- Born: 14 December 1951 Istanbul, Turkey
- Died: 6 May 2007 (aged 55) Istanbul, Turkey
- Genres: Jazz
- Occupation(s): Singer, educator
- Years active: 1974–2007

= Nükhet Ruacan =

Turkish singer and educator (1951–2007)

Nükhet Ruacan (14 December 1951 – 6 May 2007) was a Turkish singer and educator in musicology.

==Life==
Nükhet Ruacan was born in Istanbul, Turkey on 14 December 1951. She studied graphic design in the State College of Applied Fine Arts Istanbul (İstanbul Devlet Tatbiki Güzel Sanatlar Yüksek Okulu). She married twice, and gave birth to a daughter, Roksan.

Nükhet Ruacan died at the age of 55 on 6 May 2007 at a hospital in Istanbul, where she was treated on leukemia. She was laid to rest in Karacaahmet Cemetery in Istanbul.

==Career==
Although educated as a graphic designer, she preferred to sing jazz. In 1974, her singing career started in Switzerland. Between 1974 and 1977, she performed in the orchestras of Emin Fındıkoğlu and Tommy Dodd in Switzerland, and in Norway. In 1977, she returned to Turkey, and continued as a performer in various nightclubsand music festivals. She went to New York in 1979, where she attended the New York Conservatory of Music for singing lessons. During this time, she released a record titled Ruacan.

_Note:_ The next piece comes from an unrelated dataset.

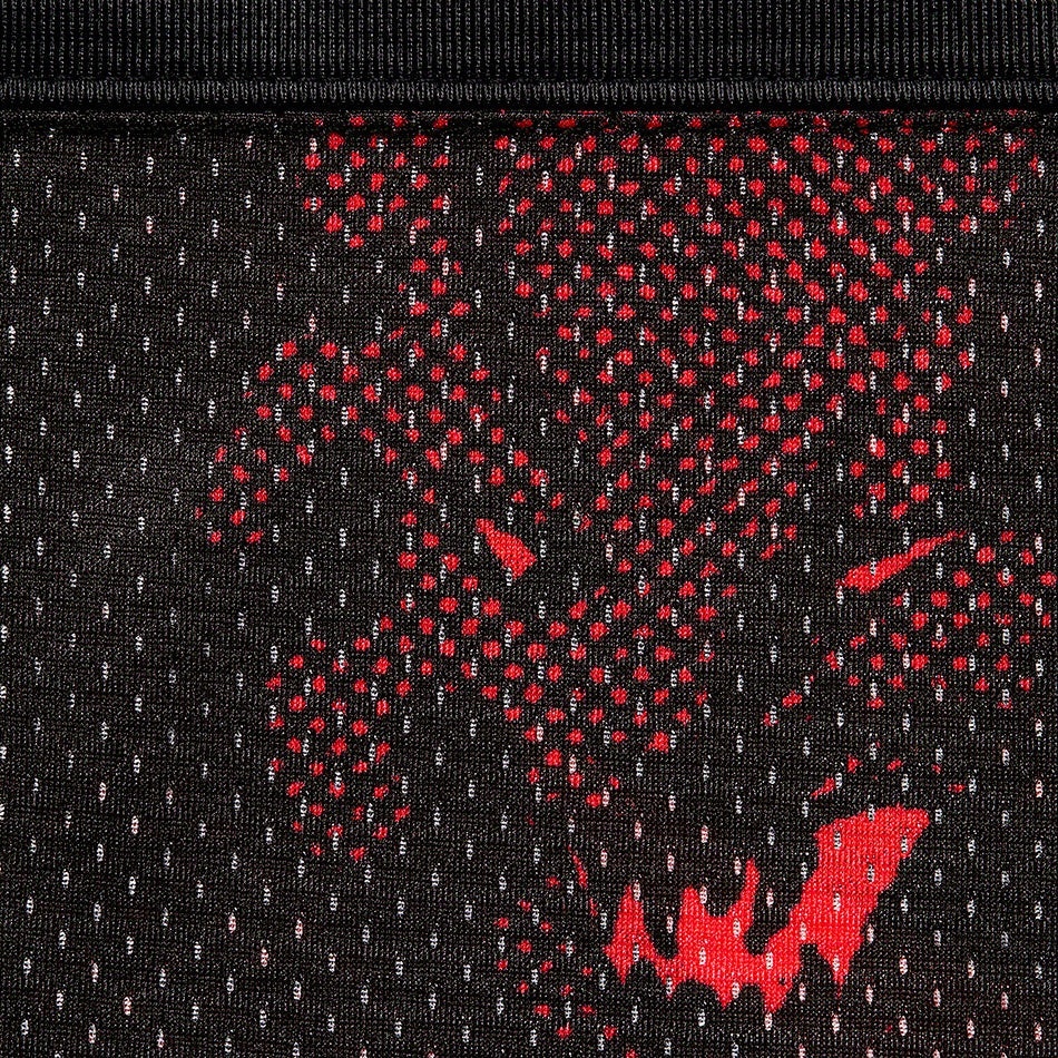 Poly eyelet mesh with dazzle yoke and printed graphic. Printed graphic on back yoke and athletic label at lower front.
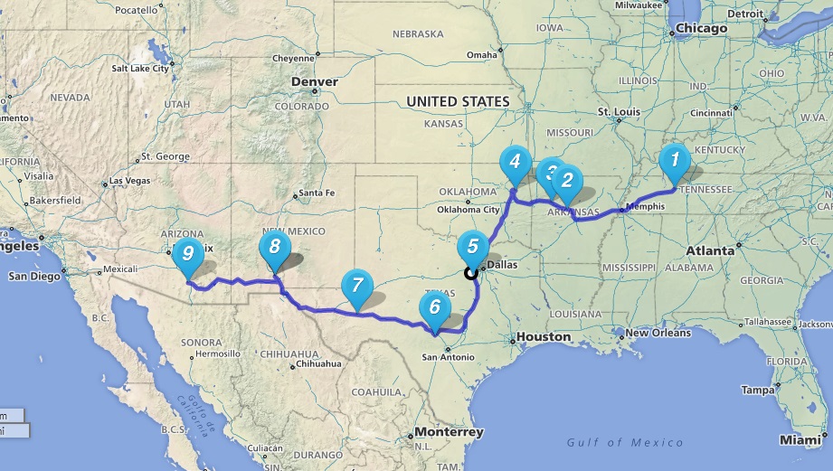 Friday, November 24 Leave Dickson, TN and head West on I40 through Memphis and Little Rock. I have two potential Wal Marts picked out for an overnight stop, the first about 340 miles from here and the other one a bit further along at 390 miles from my current location. If the winds and traffic are with me I will push on to the latter one which will put me in closer proximity to Sequoyah State Park in Hulbert, OK. I have a reservation there for Saturday, November 25 – Tuesday, November 28 and I’m looking forward to spending a few days visiting with the Jones Family (my DH’s sister Jane, her husband Richard, and their 5 children). Maybe it will be warm enough for me to finally get this camper de-winterized!

After returning home in 1982, she gained fame as a jazz singer. She performed many times in the state-owned television channel Turkish Radio and Television Corporation (TRT), and produced an album. She appeared in concerts in China and the United States as a representative of Ministry of Culture. In 1984, she participated in the national selection for the Eurovision Song Contest. Later, she served in Istanbul Bilgi University for ten years as a musicology teacher. After 2005, she also trained people on music in Nazım Hikmet Center of Art.